Oscar reminisces about his life, from his birth in 1852 into a life of slavery until the time he gains his freedom, aged ten. As a child, he stands by helplessly as friends and family members suffer the cruelty inflicted by the plantation’s foreman. When he is five, the slaves start hearing tales of “a Negro woman who was working with a group to help free slaves.” That woman is Harriet Tubman. We never meet her, but her presence runs through the narrative. Another milestone in Oscar’s life is when he gets the opportunity to learn how to read and write. He is drawn to comment, “Why do learning things feel so good?” Then, on the day he sees the hummingbird in the field, a chain of events is set into motion that ends in tragic consequences but eventually leads to his freedom. Armed with a Bible, a dictionary, and the skills taught to him by “conductors” with the Underground Railway, Oscar finally makes it to freedom. It is a gruelling journey from Louisiana to New York City, during which his faith is tested and he learns the true meaning of freedom.

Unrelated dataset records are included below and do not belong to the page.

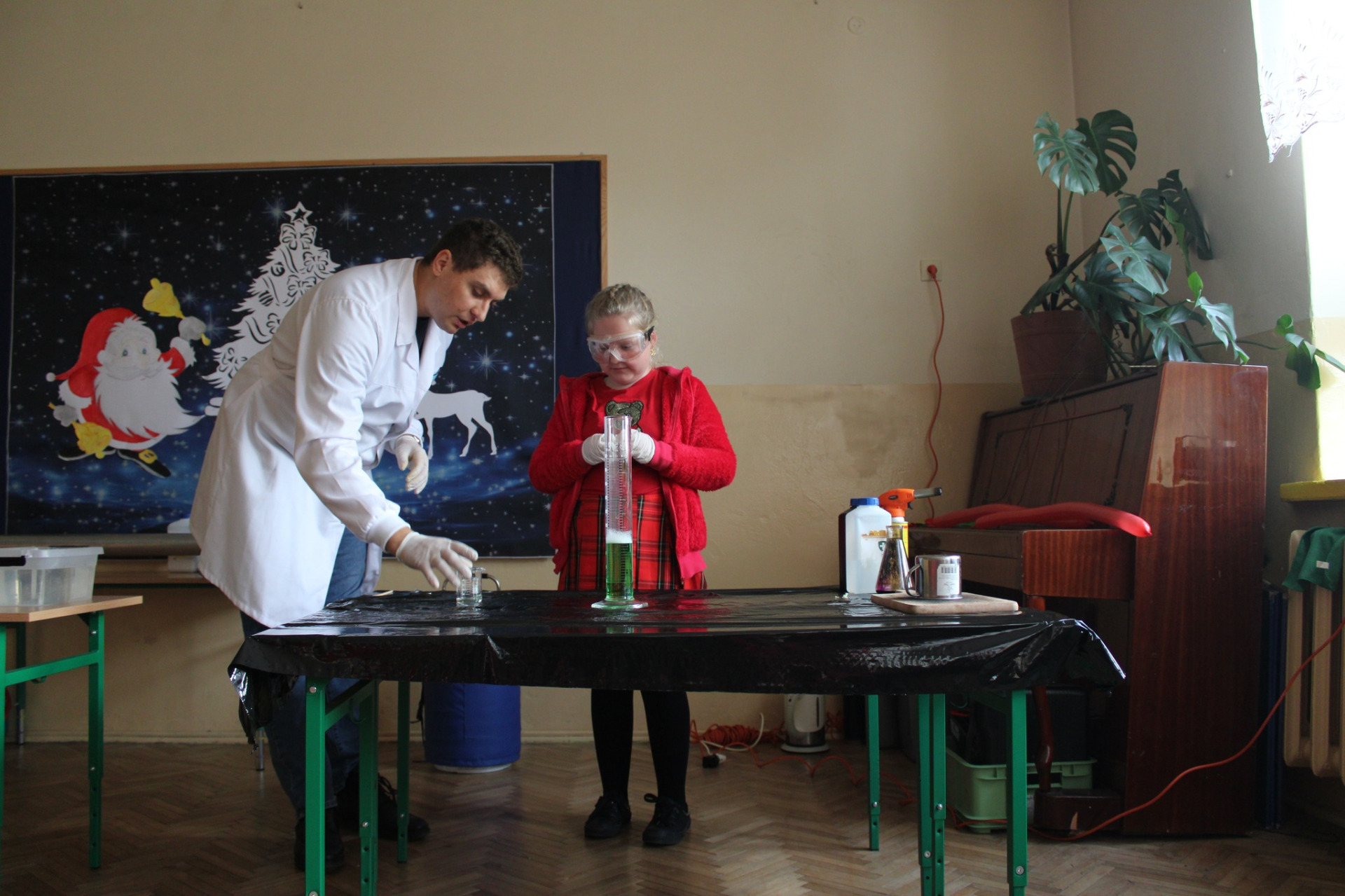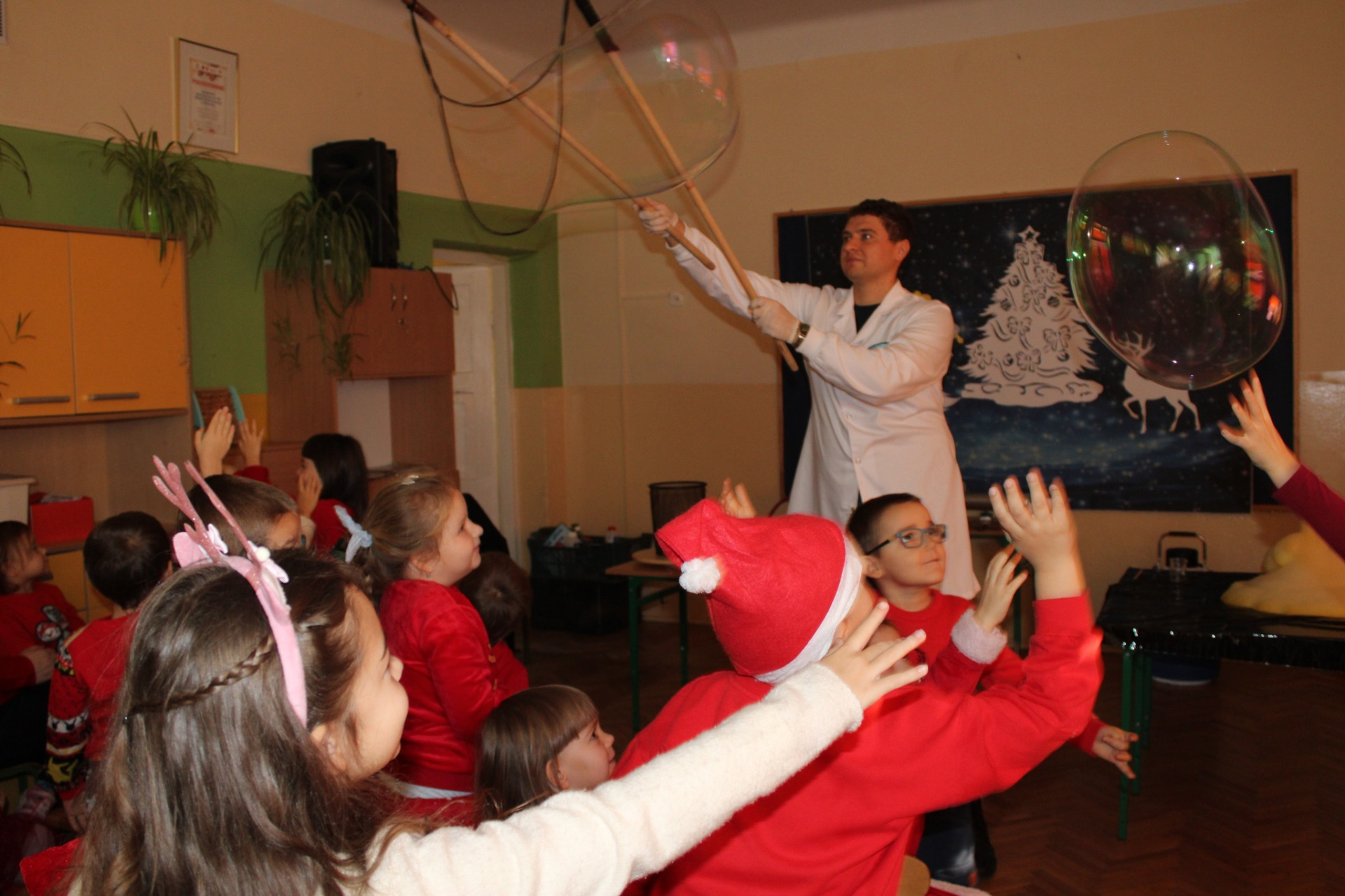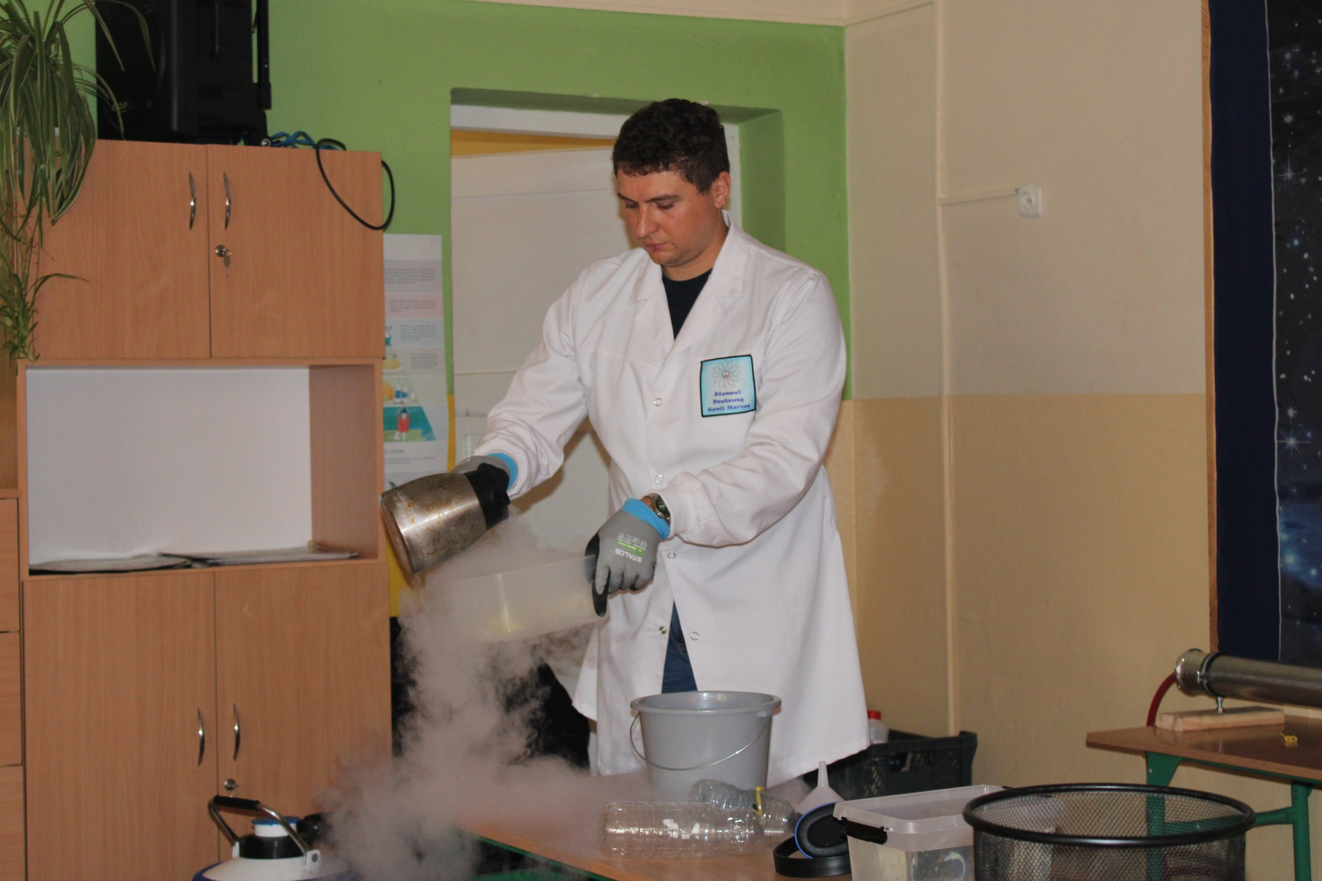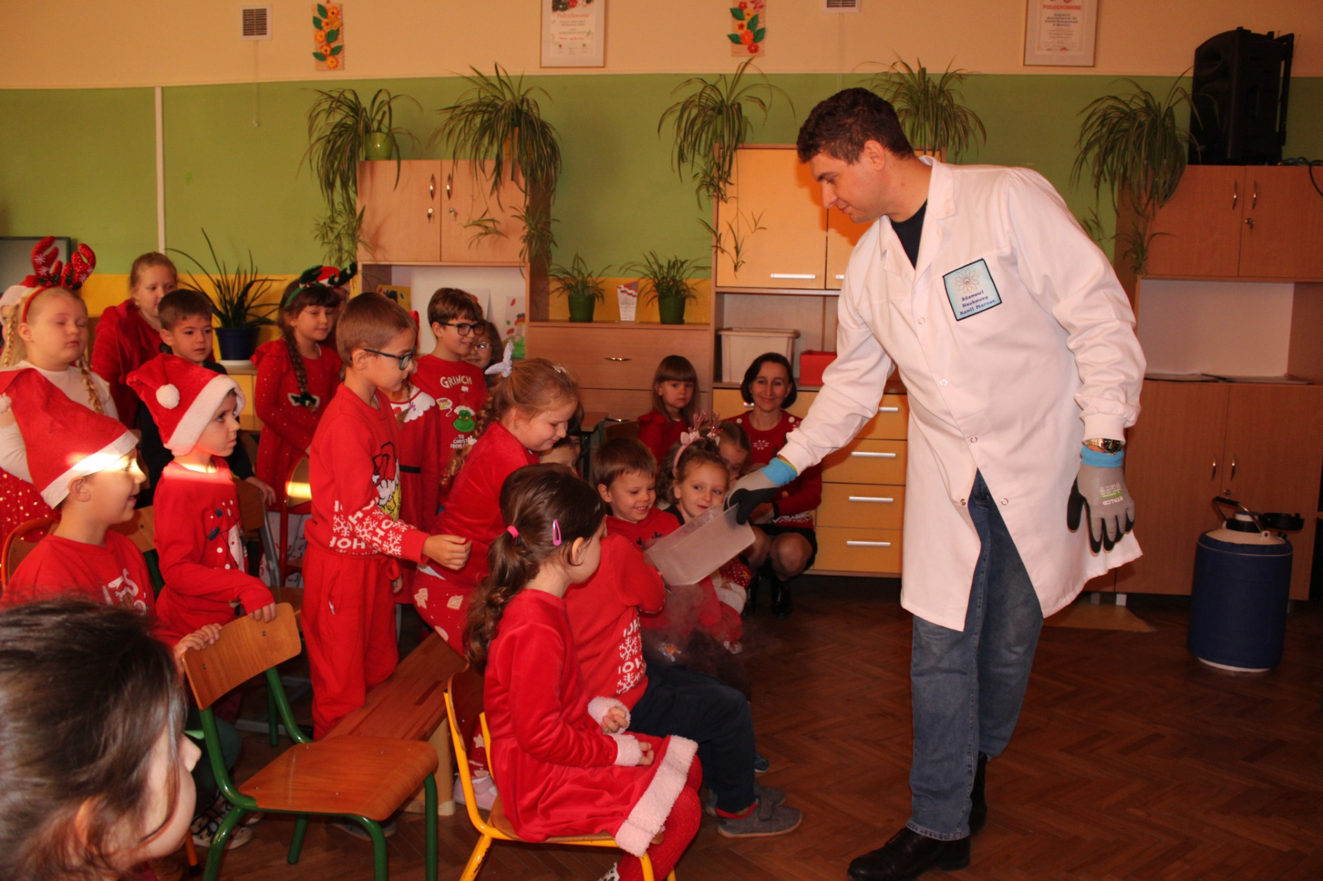 5 grudnia odwiedzili nas Atomowi Naukowcy, którzy przeprowadzili zajęcia przyrodnicze pt. Amplituda temperaturowa i o fizyce trzy słowa!!!. Dzieci miały okazję zobaczyć eksperymenty fizyczne i chemiczne min. z użyciem ciekłego azotu, nadmanganianu potasu, helu i gliceryny.
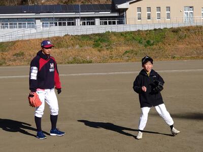 寒い中みんな一生懸命練習に取り組み、個別に指導もいただきました。練習後の質問にも丁寧に対応していただき、とても充実した野球教室になりました。
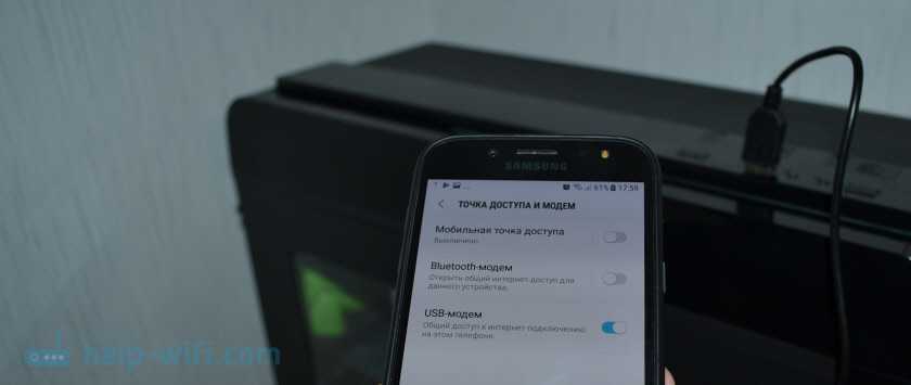 На телефоне заходим в настройки, в раздел «Подключения», дальше переходим в «Точка доступа и модем» и включаем «USB-модем» (общий доступ к интернет-подключению на этом телефоне) .
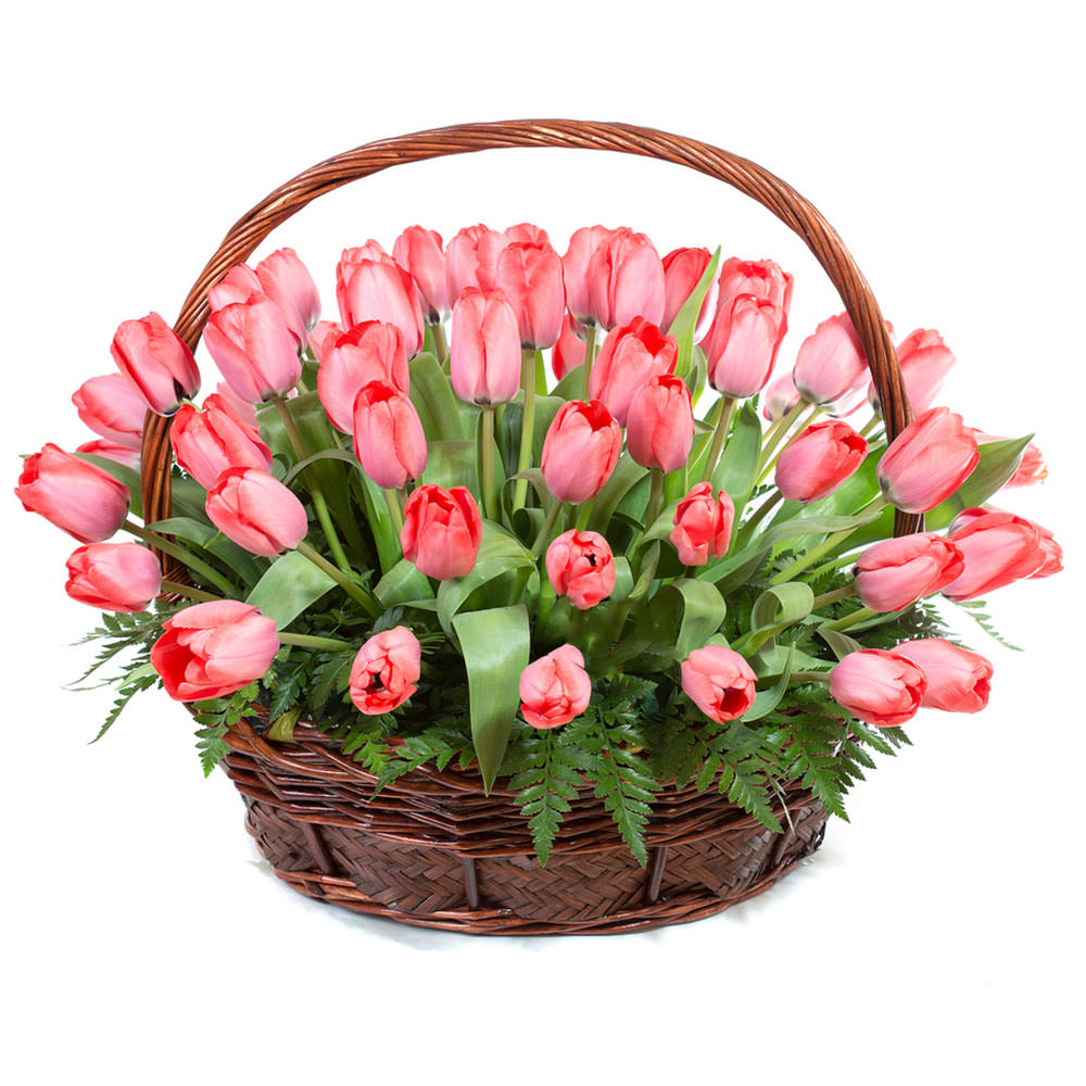 Цветы в корзинке «Розовые тюльпаны» с доставкой по г Заречный (Свердловская обл): вы можете купить букет в цветочном супермаркете «Флормания» по цене от 3890 руб.
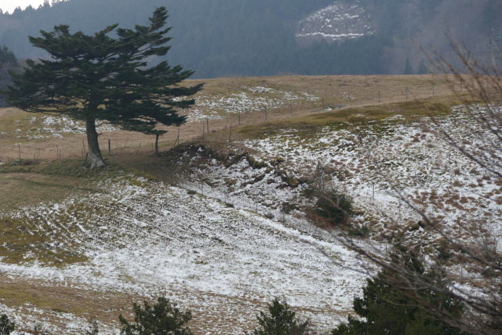 カケスの声が多かった。この日は風が強く山なりがあったし、林道に沿ってある高圧線からの重低音が四六時中唸り声をあげていた。従って、声の小さな鳥は鳴いていても分からないことになる。だからカケスの声ばかりが聴こえてくるのだ。それでも耳をダンボにしてみる。ヒヨドリはカケスに次いで声が大きい。(カラスは別格として)だから大体聴こえる。シロハラとウグイスの声は似通っている。明らかに違う声を2ヵ所で聴いた。記録にはウグイス・シロハラと書く。アオジもいたがこちらは姿で分かった。普通山のバードウオッチングは声が主だと思っている。木々で姿が遮られるからだ。ところが、山の樹々が唸り声をあげた途端立場が逆転する。アオジについては、この冬実に多くのアオジを見てきた。室林道よりも少し低い、川沿いの灌木地で多かった。
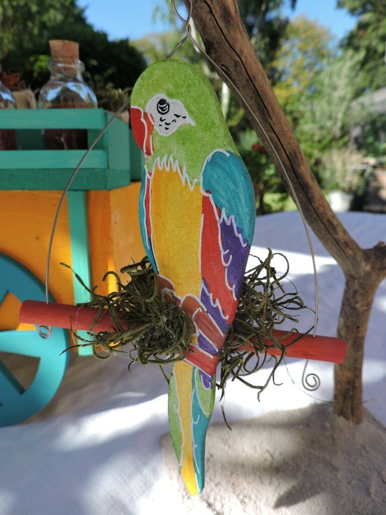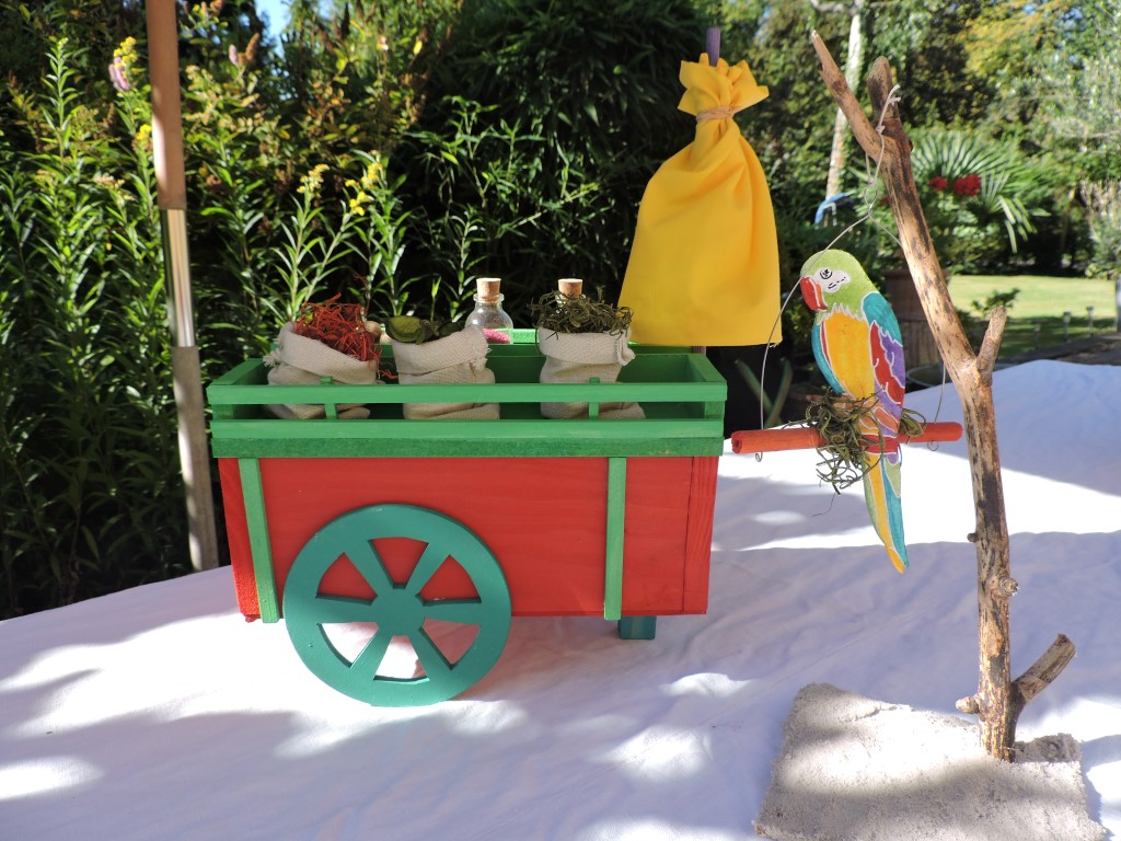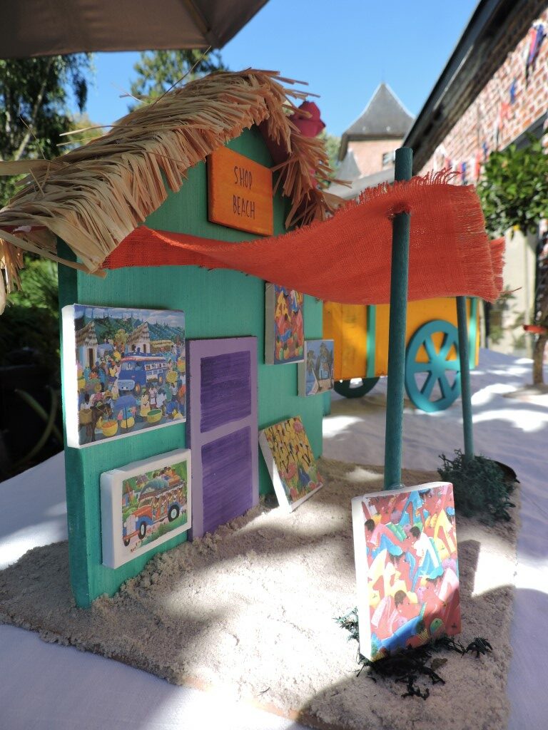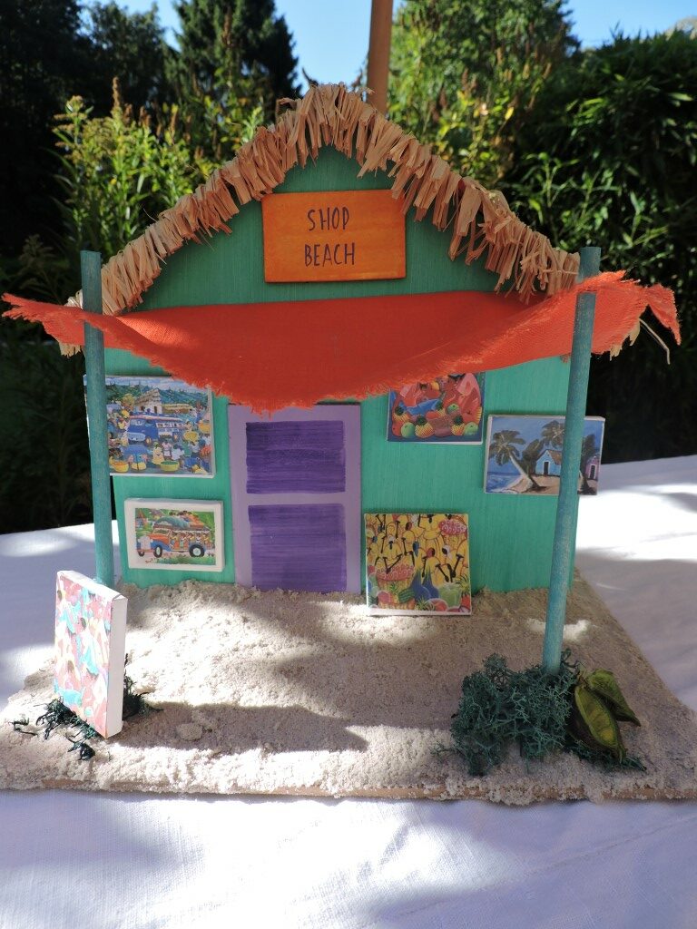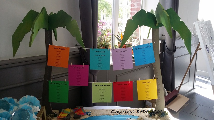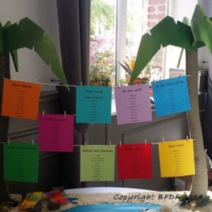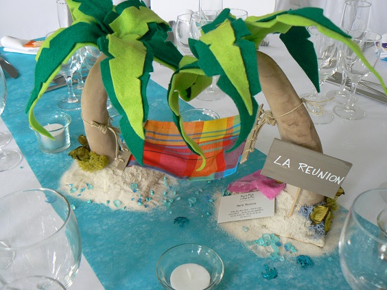 Ainsi naissent sur les centres de table des paillottes, de mini palmiers, des cahutes colorées, avec ou sans eau, selon vos envies ! Viennent s’ajouter des hamacs, des transats, des tongs….La fée agrémente tos ces éléments de tissus multicolores, madras pour les Antilles, imprimés de fleurs de tiaré pour la Polynésie…

Throughout, Oscar maintains his spirit and resolve by recalling his mother’s words of wisdom: “My mama’s womb had given me life, but it was her wisdom implanted in my brain that kept me alive.” She imbues in him the belief that “Skin color don’t make us no less a person.” This belief is reinforced when he meets the many (white) people who are willing to help him on his trip along the Underground Railway: “I was overwhelmed with relief when I realized that people are people. Simple as that. And the color of my skin doesn’t make me less of a person. It doesn’t separate or define my humanness. No, what makes some less human is hatred and hateful actions.”
In the Foreword, the author gives us some background into how she came to write this story: “In many southern states, educating slaves to read or write was illegal. […] I incorporated the element of educating slaves into this story and, in particular, with the protagonist and narrator of the story. […] Many of the scenes depicted were adapted from historical notes, letters, and other documentation from slaves who lived to tell their stories.” She succeeds admirably in giving us a look into the psyche of the young slave Oscar and rendering a heartbreaking account of the atrocities committed in the name of greed and prejudice.
Oscar’s story will haunt you for a long time after you have finished reading.

About the Author
Paulette Mahurin
Paulette Mahurin is a best selling literary fiction and historical fiction novelist. She lives with her husband Terry and two dogs, Max and Bella, in Ventura County, California. She grew up in West Los Angeles and attended UCLA, where she received a Master’s Degree in Science.
Her first novel, The Persecution of Mildred Dunlap, made it to Amazon bestseller lists and won awards, including best historical fiction 2012 in Turning the Pages Magazine. Her second novel, His Name Was Ben, originally written as an award winning short story while she was in college and later expanded into a novel, rose to bestseller lists its second week out. Her third novel, To Live Out Loud, won international critical acclaim and made it to multiple sites as favorite read book of 2015. Her fourth book, The Seven Year Dress, made it to the top ten bestseller lists on Amazon US, Amazon UK, and Amazon Australia. Her fifth book, The Day I Saw the Hummingbird, was released in September 2017.
Semi-retired, she continues to work part-time as a Nurse Practitioner in Ventura County. When she’s not writing, she does pro-bono consultation work with women with cancer, works in the Westminster Free Clinic as a volunteer provider, volunteers as a mediator in the Ventura County Courthouse for small claims cases, and involves herself, along with her husband, in dog rescue. Profits from her books go to help rescue dogs from kill shelters.